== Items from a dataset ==

****************

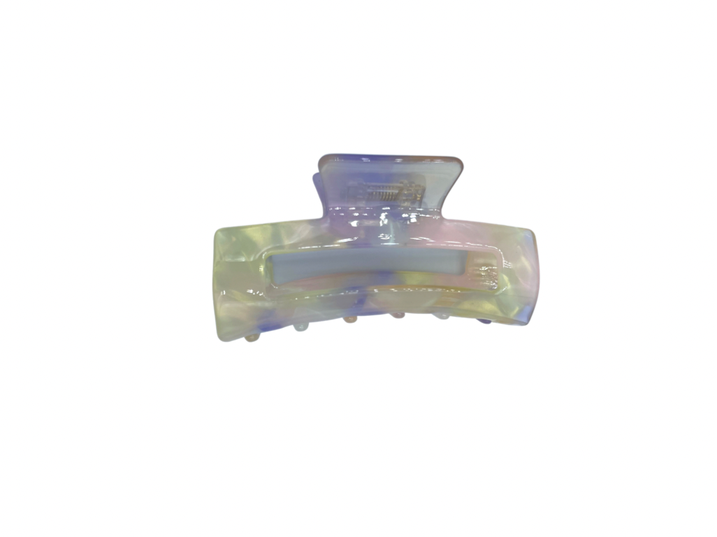Pastel yellow and lilac rectangle claw clip.
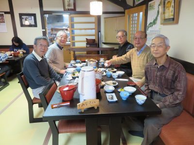 ・宿の設備も、床暖房に感激、風呂もおしゃれで絶好、給茶サービスもありがたい、等々宿を選定した幹事として仲間から感謝しきりでした。
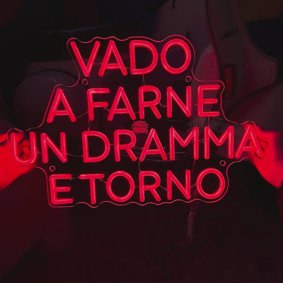 Scrittina led "VADO A FARNE UN DRAMMA E TORNO", composta al 40% di imprecazioni e al 60% di luminosità.
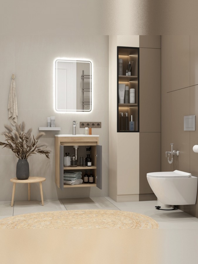 Тумба оборудована полкой с дверцами на качественных петлях Boyard с доводчиком, который обеспечивает плавное и бесшумное закрывание. Внутреннее отделение предназначено для удобного хранения бытовой химии, полотенец и аксессуаров, помогая поддерживать порядок даже в небольшой ванной.
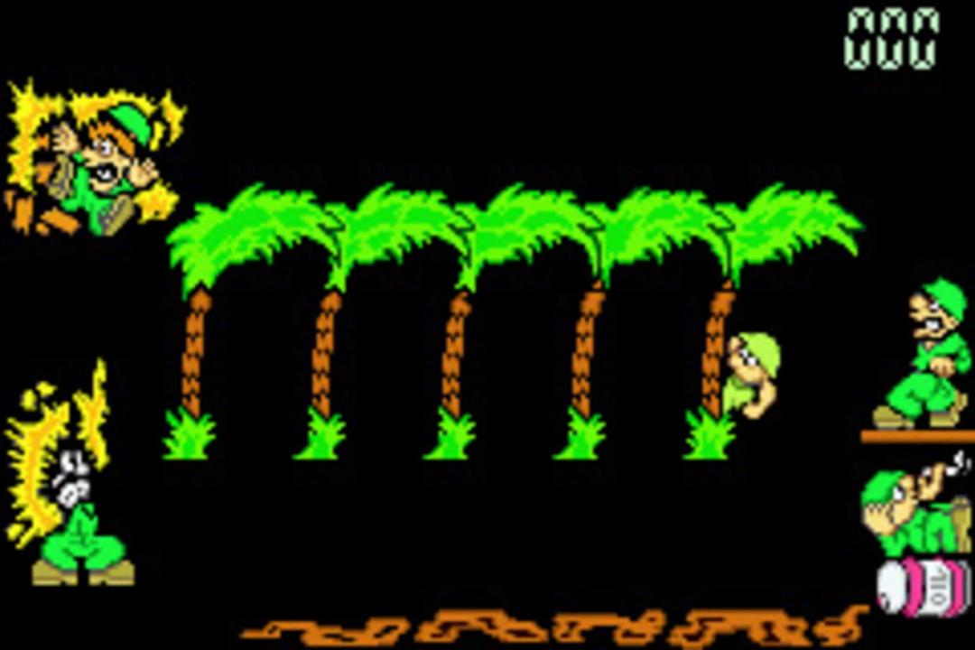 Mario's Bombs Away is a game for the Game & Watch. It was one of the six games made for the Panorama line. The game involves Mario, a soldier in this game, on a mission to receive a bomb from his buddy on the left side of the screen and carry it to his troop on the other side. The enemy is waiting in the trees in his path, so he must keep his bomb away from their torches.
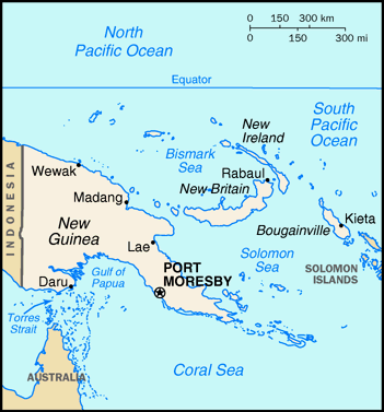 Государство в Океании, занимает восточную часть острова Новая Гвинея и близлежащие острова: архипелаг Бисмарка, северную часть Соломоновых островов (острова Бугенвиль, Бука), острова Д'Антркасто и более 200 других мелких островов. Северо-восточная часть страны находится в зоне сейсмической активности, имеется 18 действующих вулканов, нередки землетрясения.
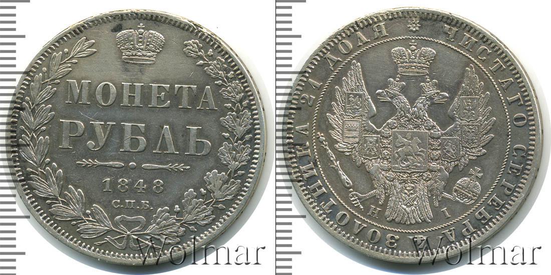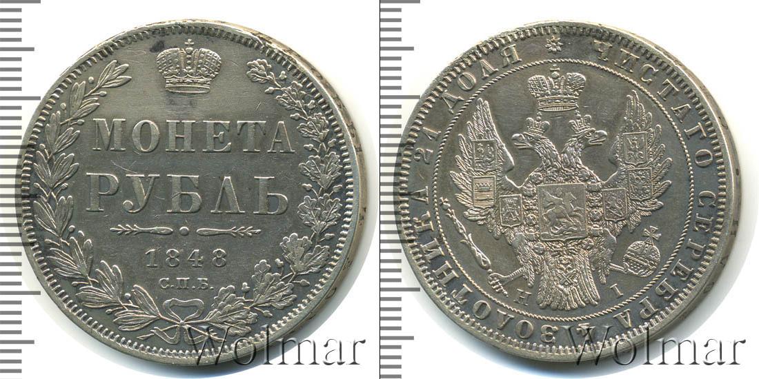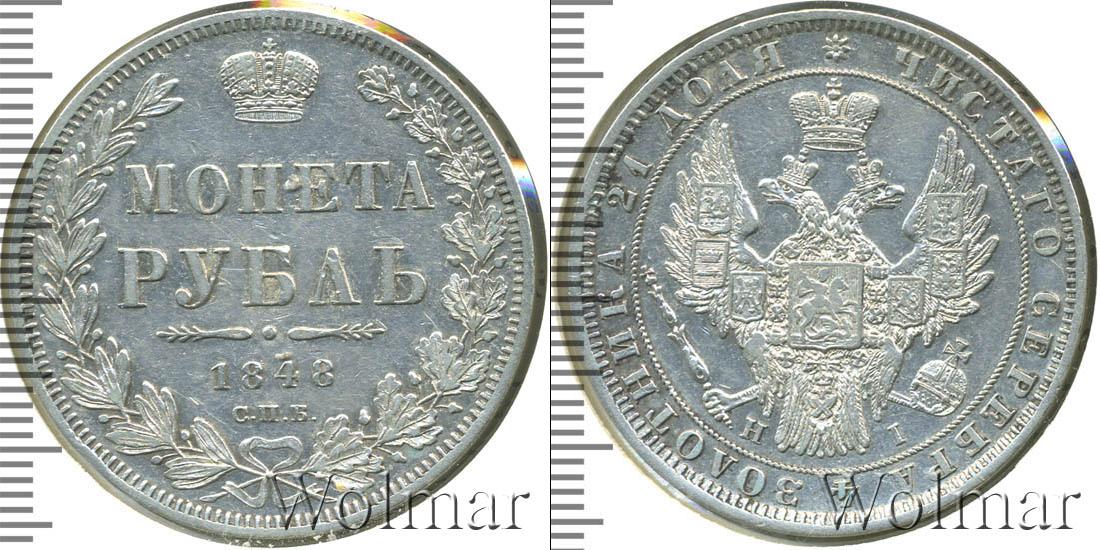 Санкт-Петербургский монетный двор. Биткин №# 809.213, "Орёл образца 1847-1849 гг.", тираж 1 542 101, Уздеников редкость - "точка", №# 1659, Петров - 1,5 рубля. Wolmar # 75/65. 1 рубль Петров - 1,5 рубля. СПБ HI

****************

== TASK DESCRIPTION ==
Begin at the line containing "Тумба оборудована полкой" and transcribe exactly every line through the end of the records, both ends included, leaving the pictures out.

== WORKED SOLUTION ==
 Тумба оборудована полкой с дверцами на качественных петлях Boyard с доводчиком, который обеспечивает плавное и бесшумное закрывание. Внутреннее отделение предназначено для удобного хранения бытовой химии, полотенец и аксессуаров, помогая поддерживать порядок даже в небольшой ванной.
 Mario's Bombs Away is a game for the Game & Watch. It was one of the six games made for the Panorama line. The game involves Mario, a soldier in this game, on a mission to receive a bomb from his buddy on the left side of the screen and carry it to his troop on the other side. The enemy is waiting in the trees in his path, so he must keep his bomb away from their torches.
 Государство в Океании, занимает восточную часть острова Новая Гвинея и близлежащие острова: архипелаг Бисмарка, северную часть Соломоновых островов (острова Бугенвиль, Бука), острова Д'Антркасто и более 200 других мелких островов. Северо-восточная часть страны находится в зоне сейсмической активности, имеется 18 действующих вулканов, нередки землетрясения.
 Санкт-Петербургский монетный двор. Биткин №# 809.213, "Орёл образца 1847-1849 гг.", тираж 1 542 101, Уздеников редкость - "точка", №# 1659, Петров - 1,5 рубля. Wolmar # 75/65. 1 рубль Петров - 1,5 рубля. СПБ HI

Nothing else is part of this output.